[Stored entries]
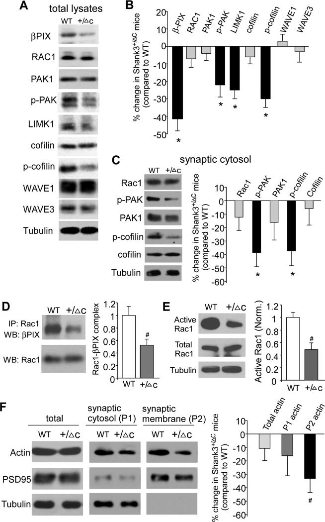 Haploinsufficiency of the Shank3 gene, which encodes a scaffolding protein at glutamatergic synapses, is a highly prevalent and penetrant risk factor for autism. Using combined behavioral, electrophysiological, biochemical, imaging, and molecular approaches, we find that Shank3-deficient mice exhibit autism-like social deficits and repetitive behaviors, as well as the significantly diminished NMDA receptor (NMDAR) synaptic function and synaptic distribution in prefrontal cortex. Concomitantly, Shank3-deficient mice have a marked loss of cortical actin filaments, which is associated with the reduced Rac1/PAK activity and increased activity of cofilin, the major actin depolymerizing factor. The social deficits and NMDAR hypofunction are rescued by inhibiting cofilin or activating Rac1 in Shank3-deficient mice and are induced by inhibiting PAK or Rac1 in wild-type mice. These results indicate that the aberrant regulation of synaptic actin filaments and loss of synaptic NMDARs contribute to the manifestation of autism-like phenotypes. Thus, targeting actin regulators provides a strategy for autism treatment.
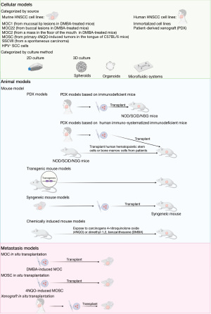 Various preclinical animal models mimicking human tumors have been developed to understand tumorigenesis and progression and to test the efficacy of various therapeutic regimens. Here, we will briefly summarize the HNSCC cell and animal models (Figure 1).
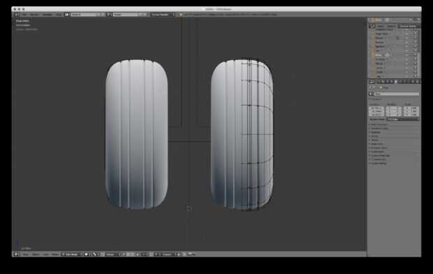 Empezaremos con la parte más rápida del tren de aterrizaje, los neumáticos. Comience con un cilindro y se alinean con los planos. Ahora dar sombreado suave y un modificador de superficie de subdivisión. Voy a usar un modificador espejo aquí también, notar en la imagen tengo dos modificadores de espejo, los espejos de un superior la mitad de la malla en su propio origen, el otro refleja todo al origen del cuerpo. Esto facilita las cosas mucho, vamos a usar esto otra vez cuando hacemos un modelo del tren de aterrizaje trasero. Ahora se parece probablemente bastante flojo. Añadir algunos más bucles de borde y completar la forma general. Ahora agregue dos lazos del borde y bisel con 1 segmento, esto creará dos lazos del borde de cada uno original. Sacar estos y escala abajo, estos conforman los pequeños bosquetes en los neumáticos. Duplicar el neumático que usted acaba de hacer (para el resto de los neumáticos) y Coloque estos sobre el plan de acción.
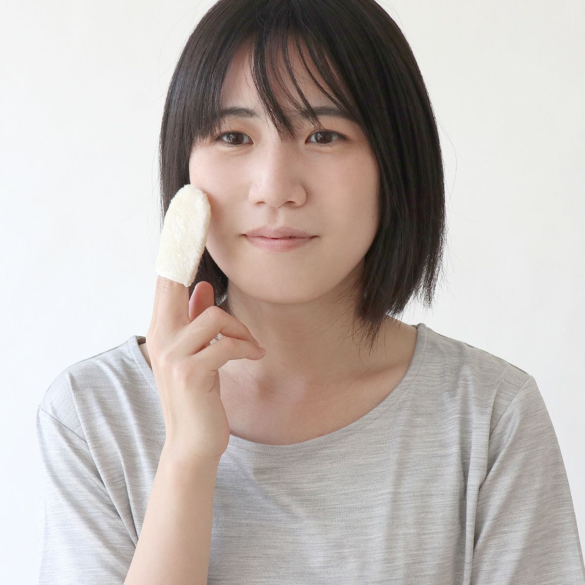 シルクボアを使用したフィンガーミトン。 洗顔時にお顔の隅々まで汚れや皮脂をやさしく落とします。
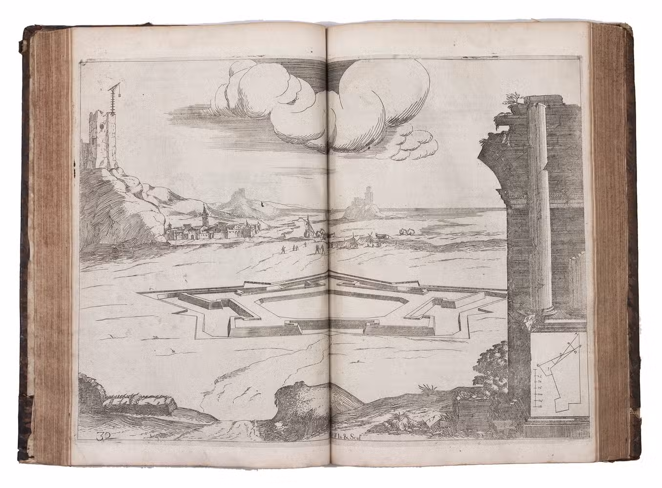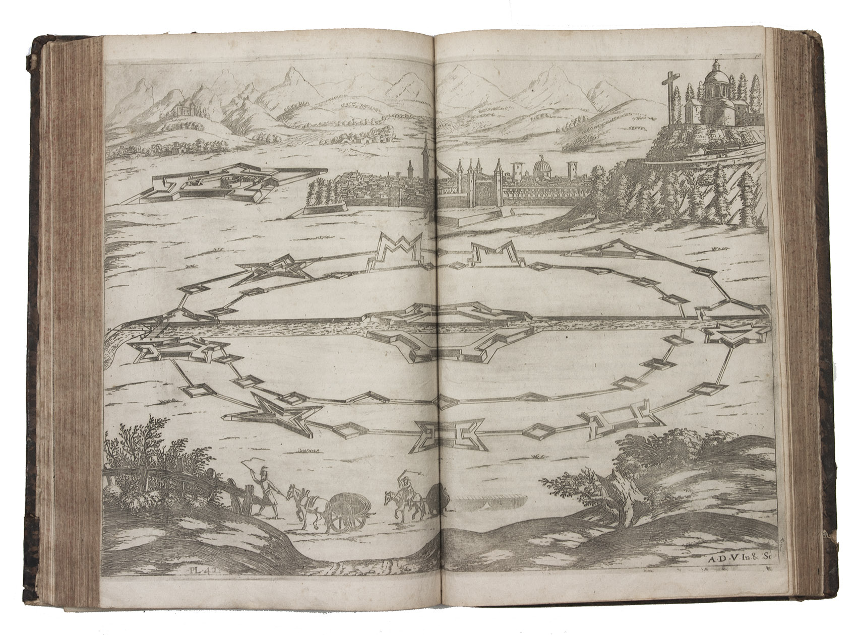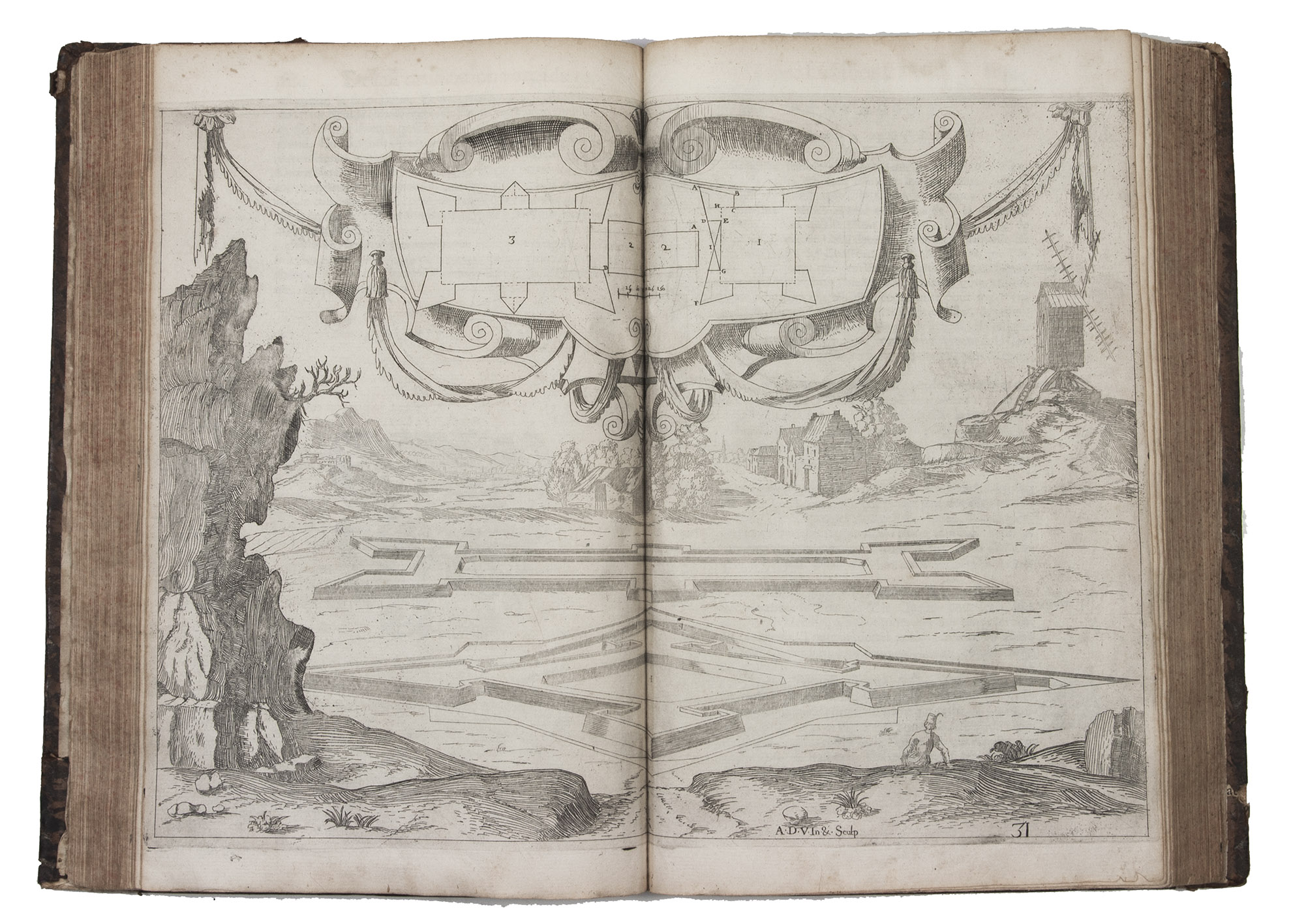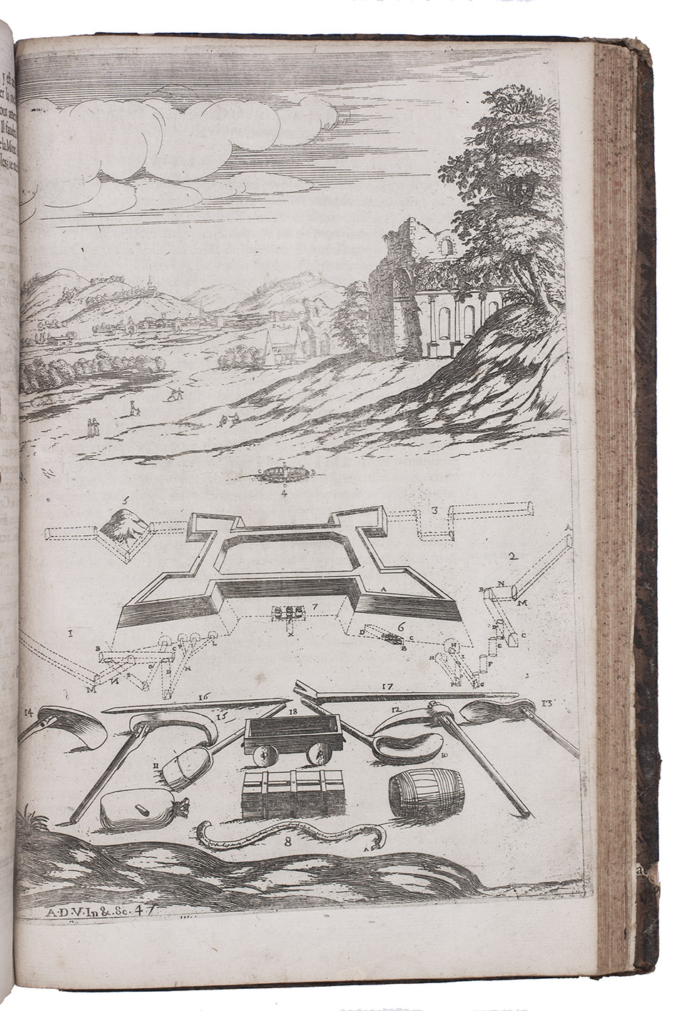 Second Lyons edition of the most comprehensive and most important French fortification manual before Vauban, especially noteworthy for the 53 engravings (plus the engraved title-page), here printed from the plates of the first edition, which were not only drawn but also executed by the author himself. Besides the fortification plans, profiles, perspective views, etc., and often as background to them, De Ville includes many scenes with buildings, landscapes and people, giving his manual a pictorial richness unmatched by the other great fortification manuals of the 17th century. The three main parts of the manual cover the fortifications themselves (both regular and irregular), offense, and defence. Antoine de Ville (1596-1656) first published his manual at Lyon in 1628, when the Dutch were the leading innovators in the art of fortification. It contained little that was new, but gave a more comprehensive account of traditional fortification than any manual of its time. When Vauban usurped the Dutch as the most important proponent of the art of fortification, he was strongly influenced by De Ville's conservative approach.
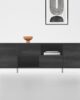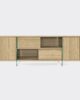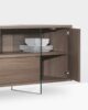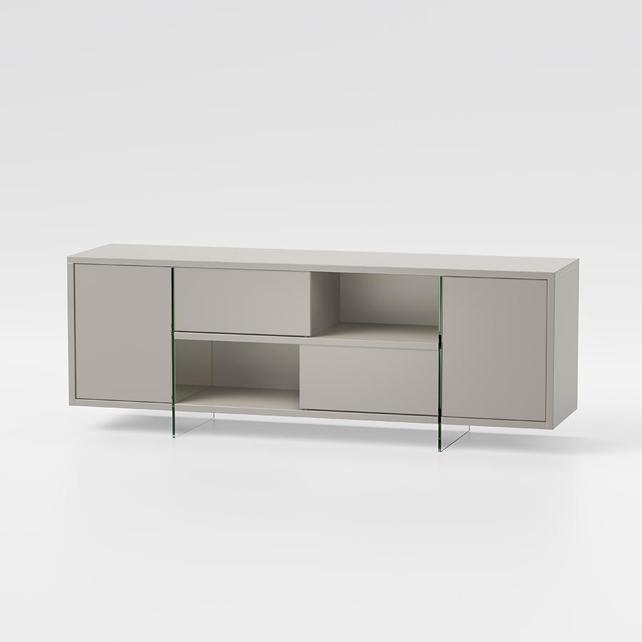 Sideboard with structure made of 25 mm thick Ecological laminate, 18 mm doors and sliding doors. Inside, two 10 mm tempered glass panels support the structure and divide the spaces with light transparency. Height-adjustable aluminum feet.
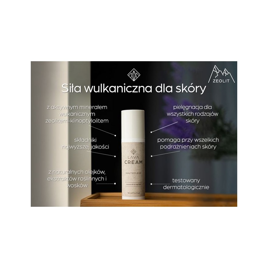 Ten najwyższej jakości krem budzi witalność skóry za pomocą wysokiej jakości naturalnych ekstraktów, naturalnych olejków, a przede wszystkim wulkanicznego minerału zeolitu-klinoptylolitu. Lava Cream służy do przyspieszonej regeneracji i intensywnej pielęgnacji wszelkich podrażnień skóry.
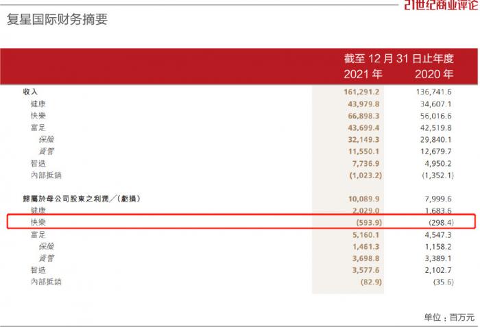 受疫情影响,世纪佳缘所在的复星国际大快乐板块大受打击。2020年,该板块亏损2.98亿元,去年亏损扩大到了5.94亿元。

### Task brief
All of the records above are to be copied exactly, minus the pictures.

### Exercise response
 Haploinsufficiency of the Shank3 gene, which encodes a scaffolding protein at glutamatergic synapses, is a highly prevalent and penetrant risk factor for autism. Using combined behavioral, electrophysiological, biochemical, imaging, and molecular approaches, we find that Shank3-deficient mice exhibit autism-like social deficits and repetitive behaviors, as well as the significantly diminished NMDA receptor (NMDAR) synaptic function and synaptic distribution in prefrontal cortex. Concomitantly, Shank3-deficient mice have a marked loss of cortical actin filaments, which is associated with the reduced Rac1/PAK activity and increased activity of cofilin, the major actin depolymerizing factor. The social deficits and NMDAR hypofunction are rescued by inhibiting cofilin or activating Rac1 in Shank3-deficient mice and are induced by inhibiting PAK or Rac1 in wild-type mice. These results indicate that the aberrant regulation of synaptic actin filaments and loss of synaptic NMDARs contribute to the manifestation of autism-like phenotypes. Thus, targeting actin regulators provides a strategy for autism treatment.
 Various preclinical animal models mimicking human tumors have been developed to understand tumorigenesis and progression and to test the efficacy of various therapeutic regimens. Here, we will briefly summarize the HNSCC cell and animal models (Figure 1).
 Empezaremos con la parte más rápida del tren de aterrizaje, los neumáticos. Comience con un cilindro y se alinean con los planos. Ahora dar sombreado suave y un modificador de superficie de subdivisión. Voy a usar un modificador espejo aquí también, notar en la imagen tengo dos modificadores de espejo, los espejos de un superior la mitad de la malla en su propio origen, el otro refleja todo al origen del cuerpo. Esto facilita las cosas mucho, vamos a usar esto otra vez cuando hacemos un modelo del tren de aterrizaje trasero. Ahora se parece probablemente bastante flojo. Añadir algunos más bucles de borde y completar la forma general. Ahora agregue dos lazos del borde y bisel con 1 segmento, esto creará dos lazos del borde de cada uno original. Sacar estos y escala abajo, estos conforman los pequeños bosquetes en los neumáticos. Duplicar el neumático que usted acaba de hacer (para el resto de los neumáticos) y Coloque estos sobre el plan de acción.
 シルクボアを使用したフィンガーミトン。 洗顔時にお顔の隅々まで汚れや皮脂をやさしく落とします。
 Second Lyons edition of the most comprehensive and most important French fortification manual before Vauban, especially noteworthy for the 53 engravings (plus the engraved title-page), here printed from the plates of the first edition, which were not only drawn but also executed by the author himself. Besides the fortification plans, profiles, perspective views, etc., and often as background to them, De Ville includes many scenes with buildings, landscapes and people, giving his manual a pictorial richness unmatched by the other great fortification manuals of the 17th century. The three main parts of the manual cover the fortifications themselves (both regular and irregular), offense, and defence. Antoine de Ville (1596-1656) first published his manual at Lyon in 1628, when the Dutch were the leading innovators in the art of fortification. It contained little that was new, but gave a more comprehensive account of traditional fortification than any manual of its time. When Vauban usurped the Dutch as the most important proponent of the art of fortification, he was strongly influenced by De Ville's conservative approach.
 Sideboard with structure made of 25 mm thick Ecological laminate, 18 mm doors and sliding doors. Inside, two 10 mm tempered glass panels support the structure and divide the spaces with light transparency. Height-adjustable aluminum feet.
 Ten najwyższej jakości krem budzi witalność skóry za pomocą wysokiej jakości naturalnych ekstraktów, naturalnych olejków, a przede wszystkim wulkanicznego minerału zeolitu-klinoptylolitu. Lava Cream służy do przyspieszonej regeneracji i intensywnej pielęgnacji wszelkich podrażnień skóry.
 受疫情影响,世纪佳缘所在的复星国际大快乐板块大受打击。2020年,该板块亏损2.98亿元,去年亏损扩大到了5.94亿元。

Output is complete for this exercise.